BEGIN Provided data

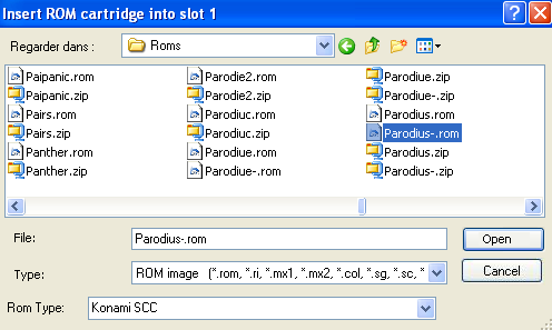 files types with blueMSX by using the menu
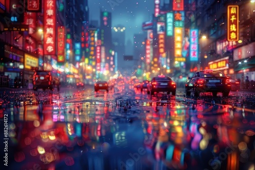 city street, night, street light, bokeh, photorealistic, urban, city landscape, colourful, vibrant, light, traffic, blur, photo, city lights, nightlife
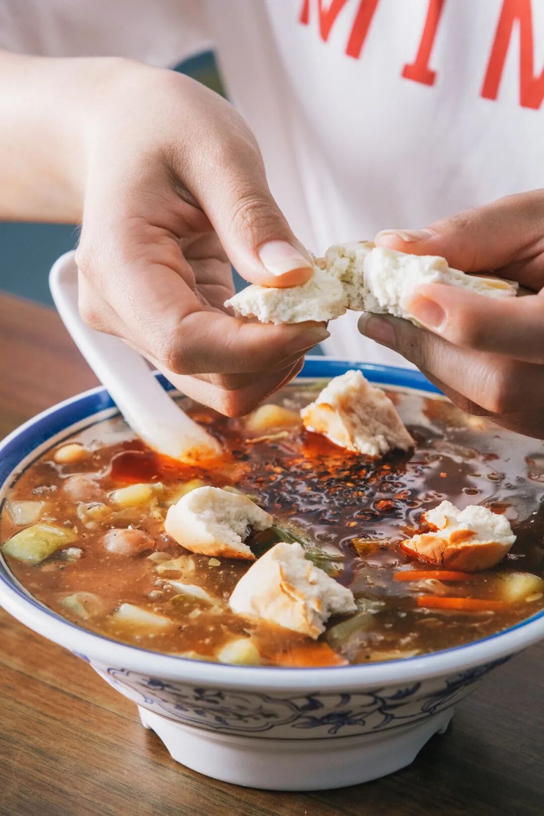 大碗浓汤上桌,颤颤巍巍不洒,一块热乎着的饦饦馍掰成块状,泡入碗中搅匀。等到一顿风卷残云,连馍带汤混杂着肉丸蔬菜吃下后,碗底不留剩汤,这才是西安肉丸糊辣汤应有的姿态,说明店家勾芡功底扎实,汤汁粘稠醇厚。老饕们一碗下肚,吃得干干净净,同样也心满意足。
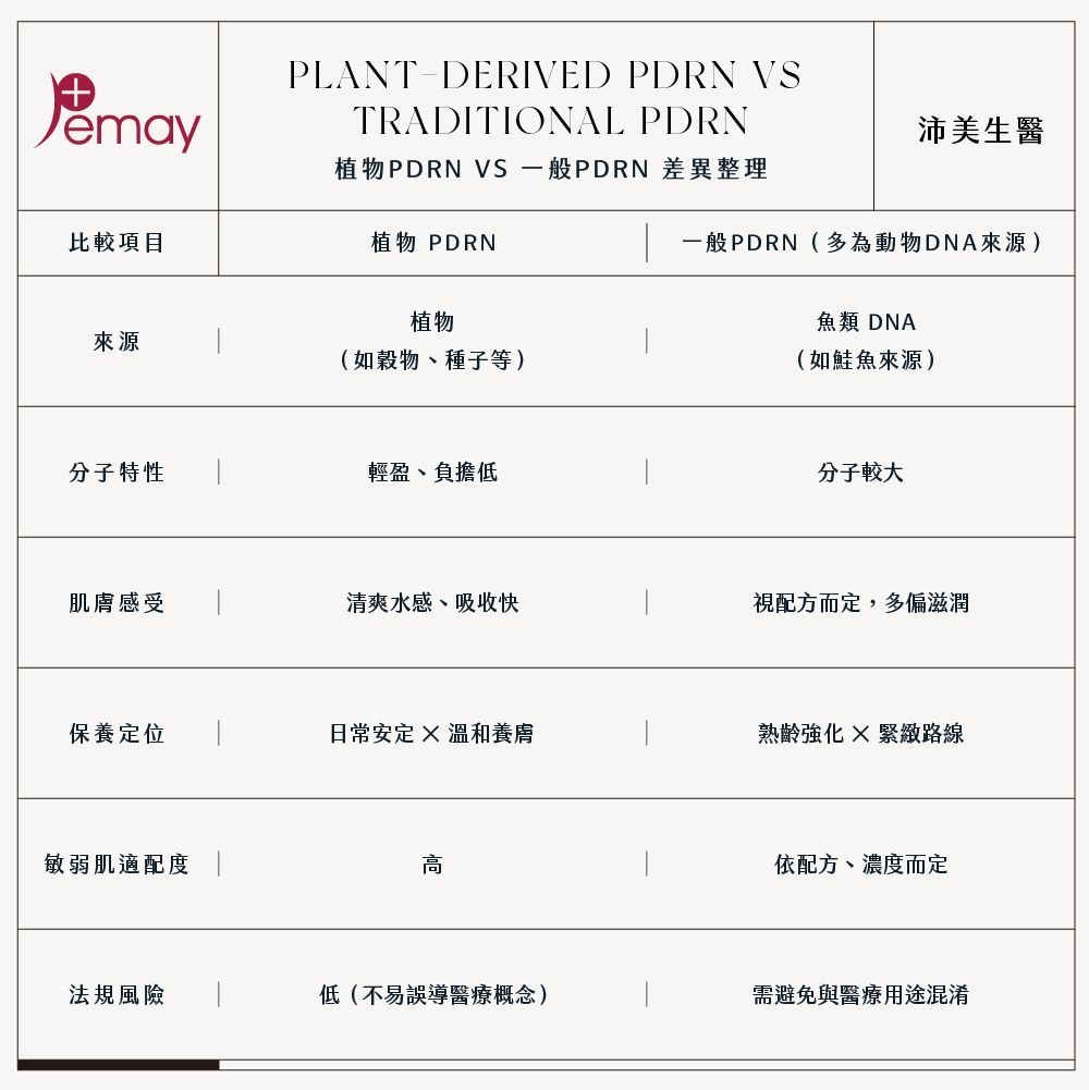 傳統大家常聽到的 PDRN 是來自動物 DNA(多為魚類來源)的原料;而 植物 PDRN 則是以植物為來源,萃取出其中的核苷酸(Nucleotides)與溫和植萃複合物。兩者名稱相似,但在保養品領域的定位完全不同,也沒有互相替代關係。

END Provided data
BEGIN Provided data

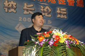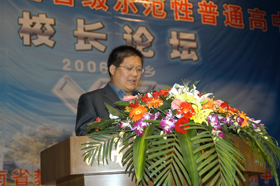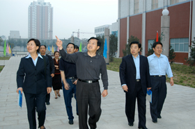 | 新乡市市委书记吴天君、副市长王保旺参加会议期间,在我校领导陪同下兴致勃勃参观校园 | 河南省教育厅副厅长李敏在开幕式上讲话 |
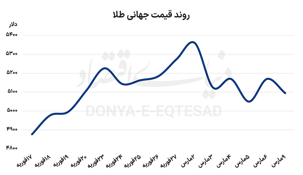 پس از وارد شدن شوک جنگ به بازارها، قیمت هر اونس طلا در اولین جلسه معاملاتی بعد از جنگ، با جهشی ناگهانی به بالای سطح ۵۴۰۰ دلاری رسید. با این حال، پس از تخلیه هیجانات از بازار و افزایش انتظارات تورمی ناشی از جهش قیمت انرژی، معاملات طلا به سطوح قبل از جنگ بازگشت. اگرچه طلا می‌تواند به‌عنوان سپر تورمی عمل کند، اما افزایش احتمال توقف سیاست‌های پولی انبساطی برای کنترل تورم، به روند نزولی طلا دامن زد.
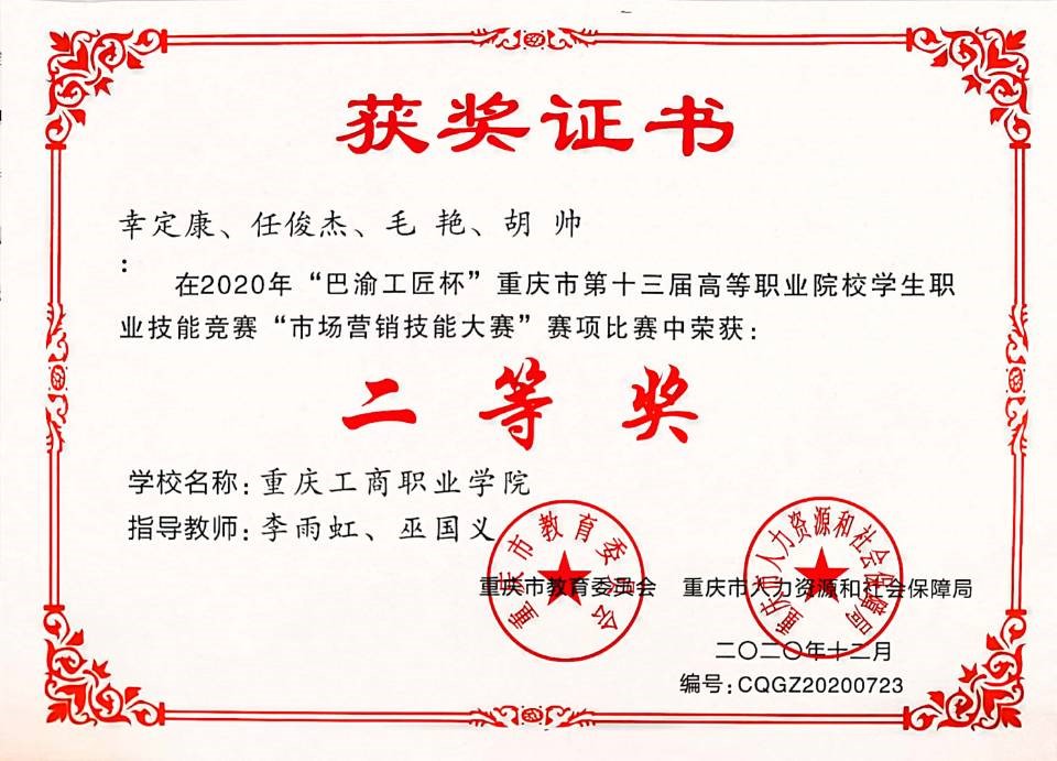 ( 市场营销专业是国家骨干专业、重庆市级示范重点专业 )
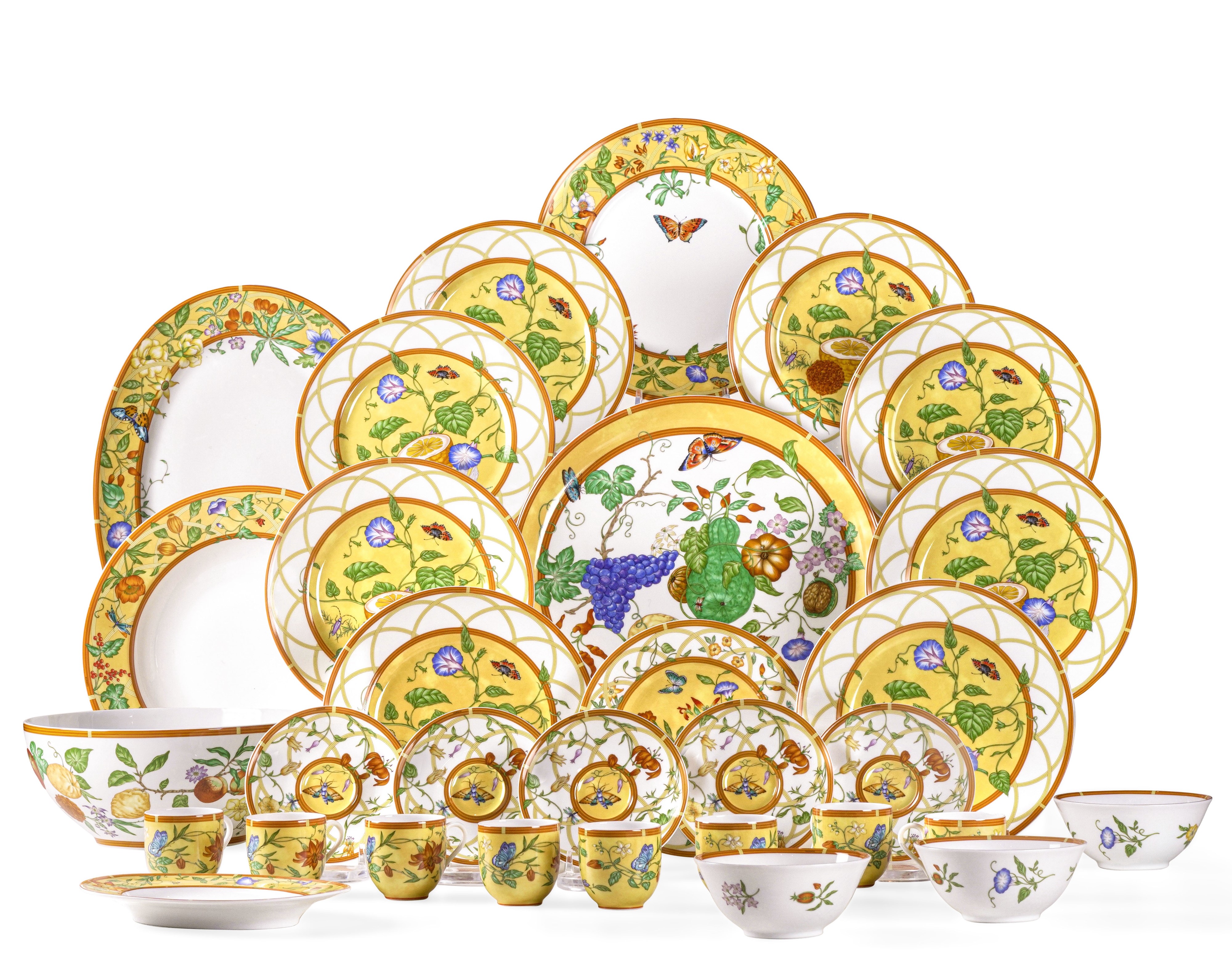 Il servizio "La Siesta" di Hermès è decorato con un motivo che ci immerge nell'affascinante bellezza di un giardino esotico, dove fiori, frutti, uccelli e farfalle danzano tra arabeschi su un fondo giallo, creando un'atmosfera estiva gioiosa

END Provided data

Using the records above, print exactly the run of lines that starts with the line with "新乡市市委书记吴天君、副市长王保旺参加会议期间,在我校领导陪同下兴致勃勃参观校园 | 河南省教育厅副厅长李敏在开幕式上讲话 |" and goes on through the line with "un'atmosfera estiva gioiosa", pictures excluded.

 | 新乡市市委书记吴天君、副市长王保旺参加会议期间,在我校领导陪同下兴致勃勃参观校园 | 河南省教育厅副厅长李敏在开幕式上讲话 |
 پس از وارد شدن شوک جنگ به بازارها، قیمت هر اونس طلا در اولین جلسه معاملاتی بعد از جنگ، با جهشی ناگهانی به بالای سطح ۵۴۰۰ دلاری رسید. با این حال، پس از تخلیه هیجانات از بازار و افزایش انتظارات تورمی ناشی از جهش قیمت انرژی، معاملات طلا به سطوح قبل از جنگ بازگشت. اگرچه طلا می‌تواند به‌عنوان سپر تورمی عمل کند، اما افزایش احتمال توقف سیاست‌های پولی انبساطی برای کنترل تورم، به روند نزولی طلا دامن زد.
 ( 市场营销专业是国家骨干专业、重庆市级示范重点专业 )
 Il servizio "La Siesta" di Hermès è decorato con un motivo che ci immerge nell'affascinante bellezza di un giardino esotico, dove fiori, frutti, uccelli e farfalle danzano tra arabeschi su un fondo giallo, creando un'atmosfera estiva gioiosa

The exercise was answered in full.